Figure 14 shows the spatial pattern of the E-type of MAF (second column) and E-type of ICA (third column). For BD (first row), it is clear that there are similarities across the maps, with low values in the southern part of the country and high values in the north. This suggests that the algorithms accurately predicted and reproduced the original BD. The second row shows the original OC and E-types of MAF and ICA. There are spatial similarities between these maps as well. These similarities can be confirmed by examining the third row, which shows the maps of the original TN and E-types of MAF and ICA. The smoothening effect shown in the original maps (first column) is a characteristic of the OK method (estimation), whereas the other columns were generated from the realization of an SGS technique.

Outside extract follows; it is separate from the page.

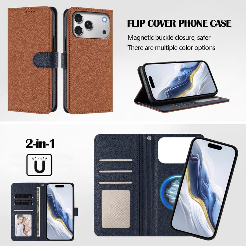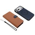 iPhone 17 Pro Detachable Wallet Case with MagSafe, RFID Protection & Hand Strap - Brown / Blue

Furthermore, randomly selected realizations #36 and #86 were used to generate surfaces and compared with the original variable. In Figure 15, the first row shows the comparison of original BD and randomly selected realizations #36 and #86, respectively, using the MAF technique. As shown in the figure, there is more variability in the realization plots compared to the original variable. When compared with the E-type plots (Figure 14), Figure 15 shows greater variability. This indicates that the E-types (average of realizations) will tend to approach the mean of the original variables compared with the individual realization. This high variability effect is also observed in other variables (second and third rows) in Figure 15. Figure 16 shows a similar level of variability, using realizations #36 and #86 for the ICA technique. Comparing Figure 15 and Figure 16, it is evident that there are no marked differences, implying that using either of the two methods would produce very similar maps.

#### 3.7. Importance of Uncertainty in Simulating Spatially Correlated Variables and Implications for Best Management Practices (BMP) in Sustainable Management

The results of this study are applicable in several domains. In the field of earth/environmental science, measuring and estimating the spatial variability of variables is frequently of interest. In most cases, these datasets are sparse and data can stem from several sources. Although the AfSIS dataset has been quality controlled, the current sample size for Nigeria remains disproportionate to the geographical area, posing a challenge. Indeed, there is inherent uncertainty in the spatial model prediction and bias in unsampled locations, especially when traditional methods of interpolation such as OK are applied. On the other hand, geostatistical simulation algorithms are efficient methods that can help characterize this uncertainty by generating realizations. These realizations have equal probable representations of reality. Decision making based on several probable outcomes of a phenomenon is superior to that based on a single outcome (i.e., estimation). In fact, it has been found that the impacts of soil-property uncertainty can either amplify or buffer the effects of climate change on crop yield [54]. From the perspective of best management practices (BMP) for land management, fertilizer, or organic manure management, generated realizations provide decision makers, scientists, and stakeholder greater assurance than single estimated outcomes using OK. Accurately predicted SHIs can also be useful in regulatory activities, operational practices for soil remediation and pollution control, and the preservation of terrestrial ecosystems [55].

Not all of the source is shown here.